> Your instructions
Exactly retype the opening line of the entries and every line after it, ending with the line that contains "9月21日,滕州市集索镇山东启腾生物科技有限公司的工人在车间加工食品。". Skip all pictures.

───── Provided records

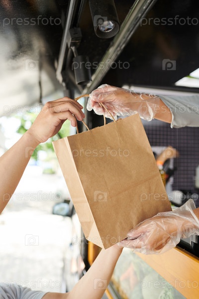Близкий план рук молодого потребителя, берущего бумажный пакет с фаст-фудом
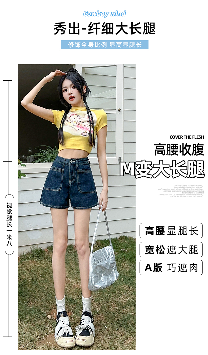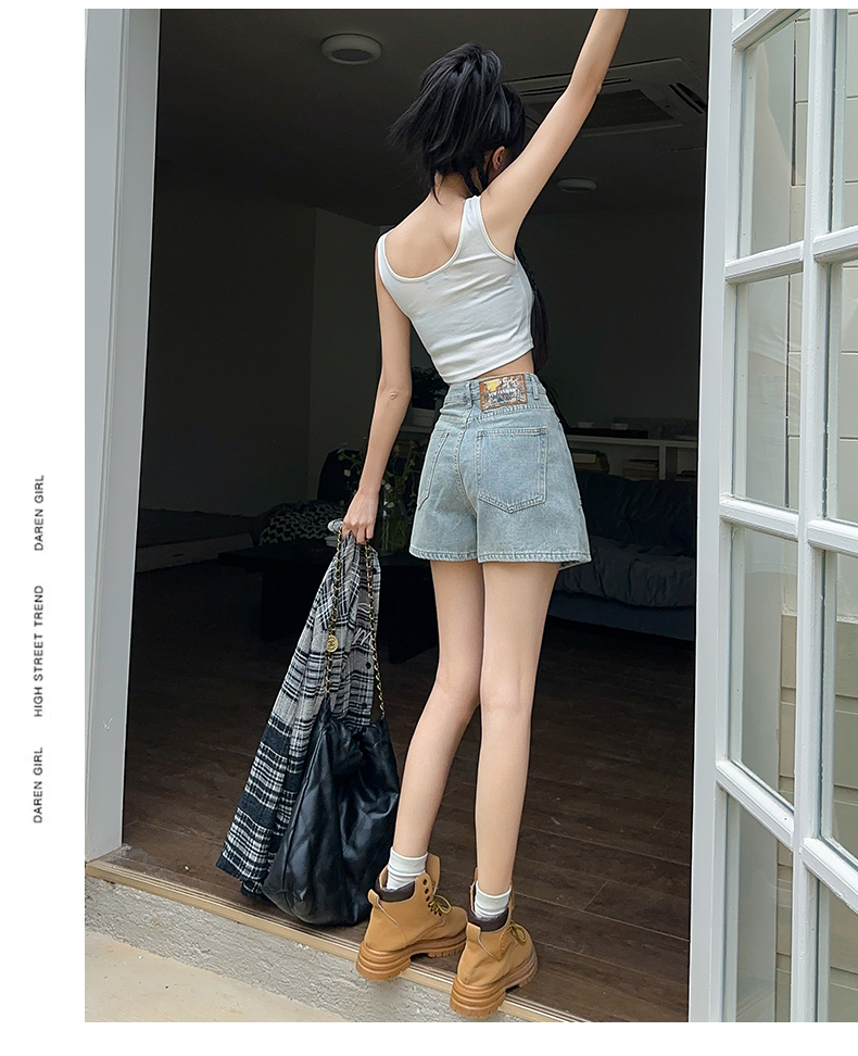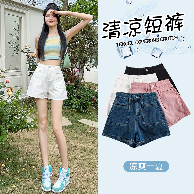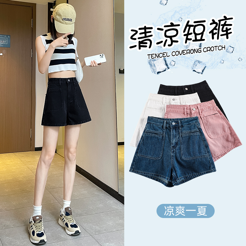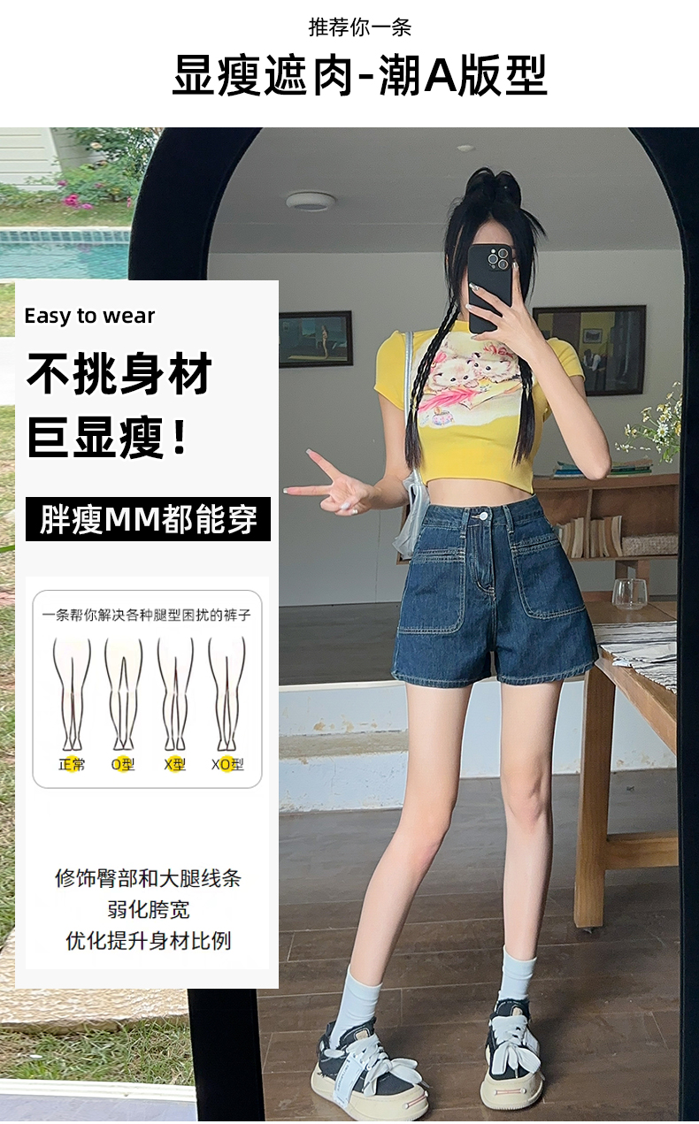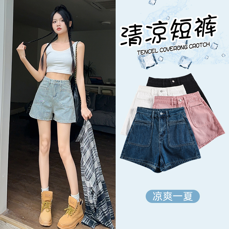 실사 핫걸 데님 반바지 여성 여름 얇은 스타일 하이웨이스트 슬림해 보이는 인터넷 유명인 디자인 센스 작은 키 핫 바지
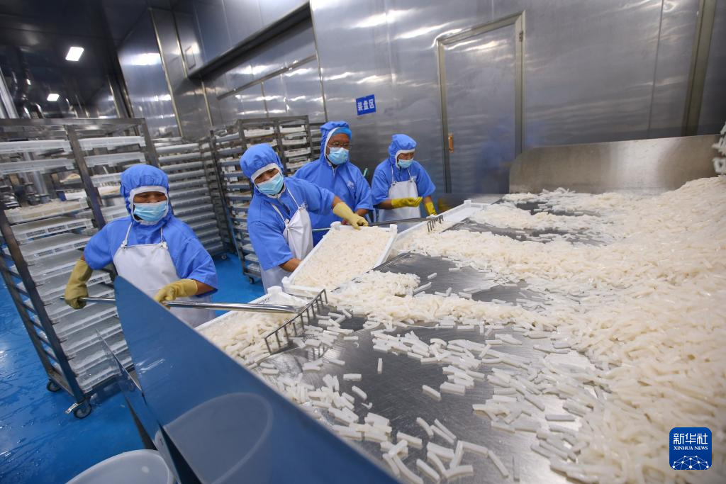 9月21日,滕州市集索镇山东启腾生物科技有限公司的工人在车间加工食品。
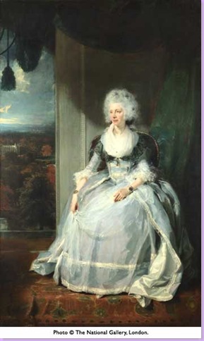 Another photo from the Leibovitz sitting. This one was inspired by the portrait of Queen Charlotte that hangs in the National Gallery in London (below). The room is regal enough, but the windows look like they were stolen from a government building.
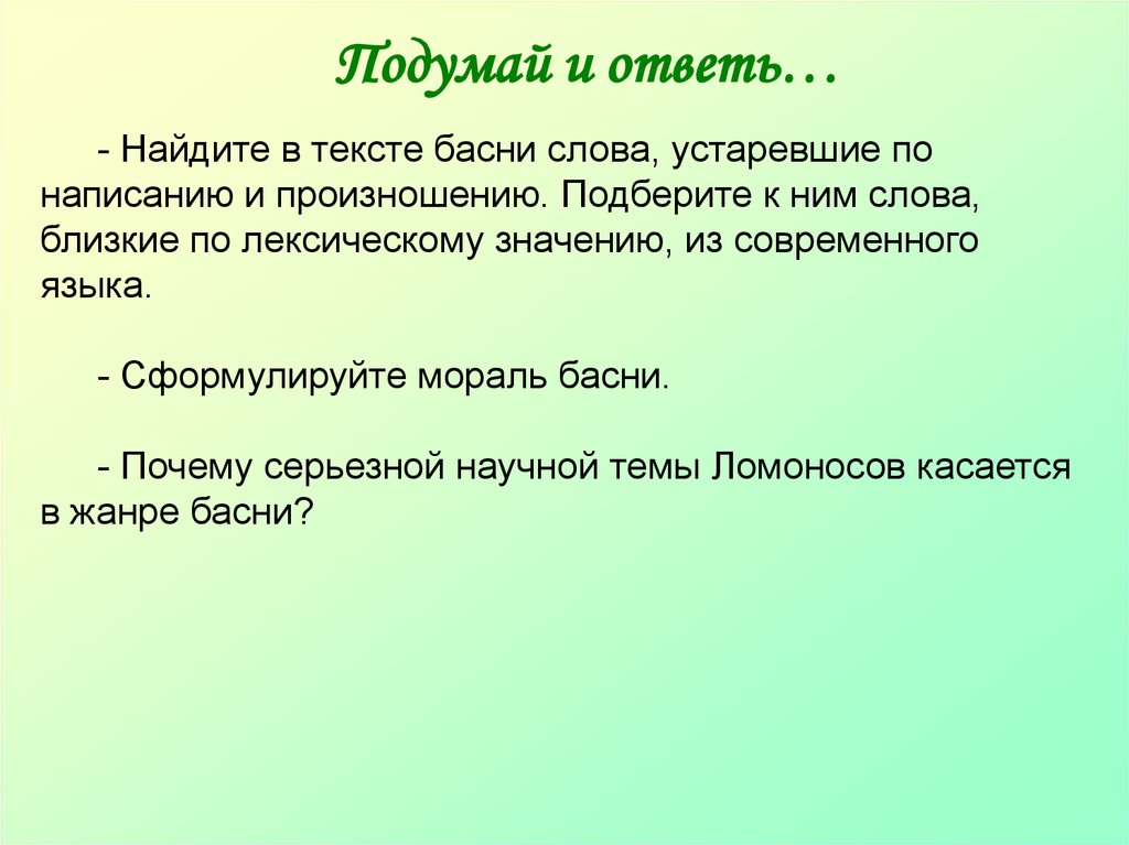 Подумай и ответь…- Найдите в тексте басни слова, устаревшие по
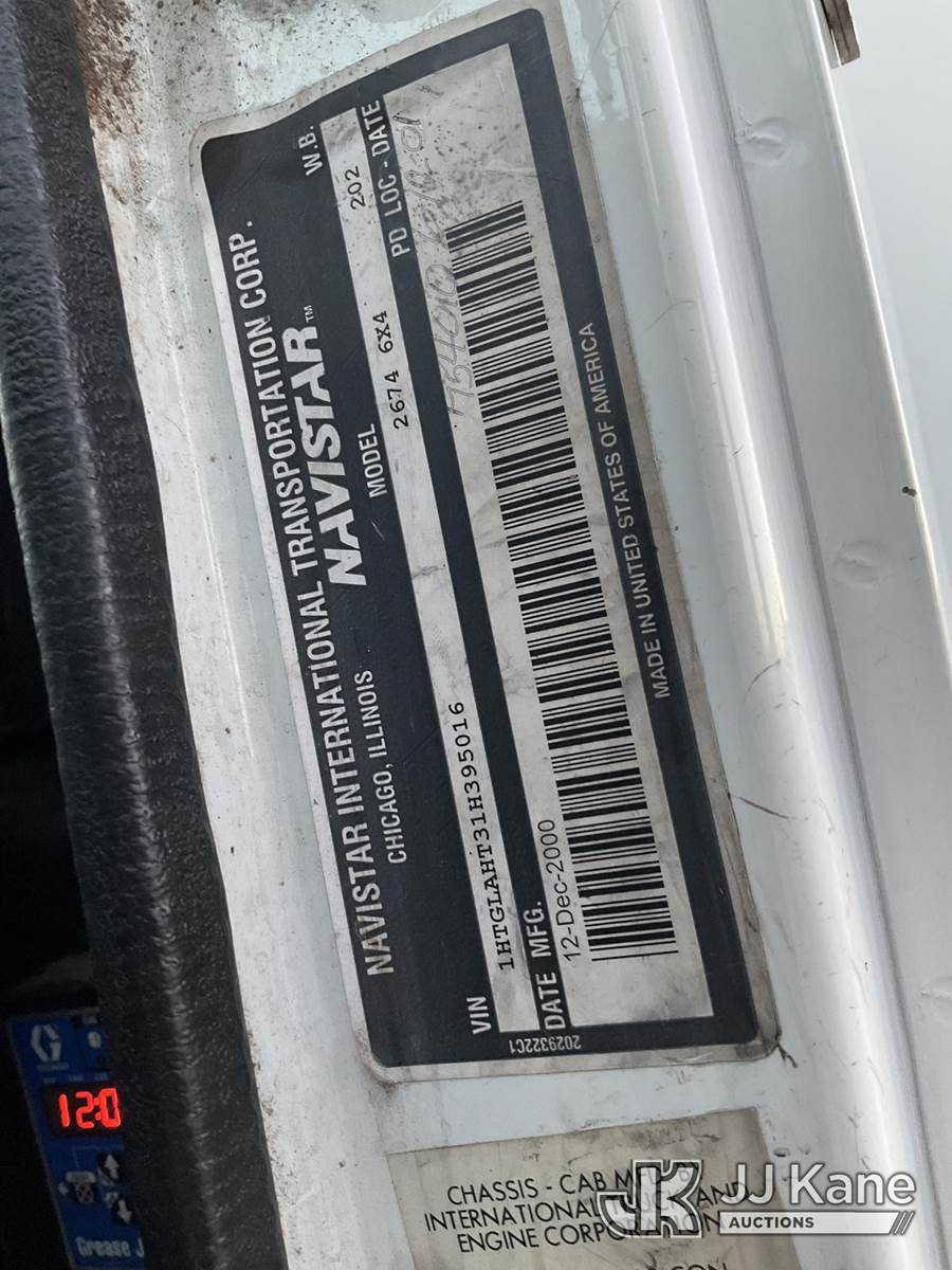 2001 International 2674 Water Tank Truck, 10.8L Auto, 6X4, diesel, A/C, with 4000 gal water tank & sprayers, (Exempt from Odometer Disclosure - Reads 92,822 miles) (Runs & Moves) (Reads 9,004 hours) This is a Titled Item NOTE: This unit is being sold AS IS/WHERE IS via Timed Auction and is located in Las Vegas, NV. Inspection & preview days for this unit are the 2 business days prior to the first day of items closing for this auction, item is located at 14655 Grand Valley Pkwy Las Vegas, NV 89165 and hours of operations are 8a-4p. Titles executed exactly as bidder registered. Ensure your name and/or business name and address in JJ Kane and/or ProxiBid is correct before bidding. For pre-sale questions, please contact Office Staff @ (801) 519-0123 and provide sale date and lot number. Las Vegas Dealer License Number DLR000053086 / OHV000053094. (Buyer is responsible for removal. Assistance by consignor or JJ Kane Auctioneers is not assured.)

──────────

> Answer box
Близкий план рук молодого потребителя, берущего бумажный пакет с фаст-фудом
 실사 핫걸 데님 반바지 여성 여름 얇은 스타일 하이웨이스트 슬림해 보이는 인터넷 유명인 디자인 센스 작은 키 핫 바지
 9月21日,滕州市集索镇山东启腾生物科技有限公司的工人在车间加工食品。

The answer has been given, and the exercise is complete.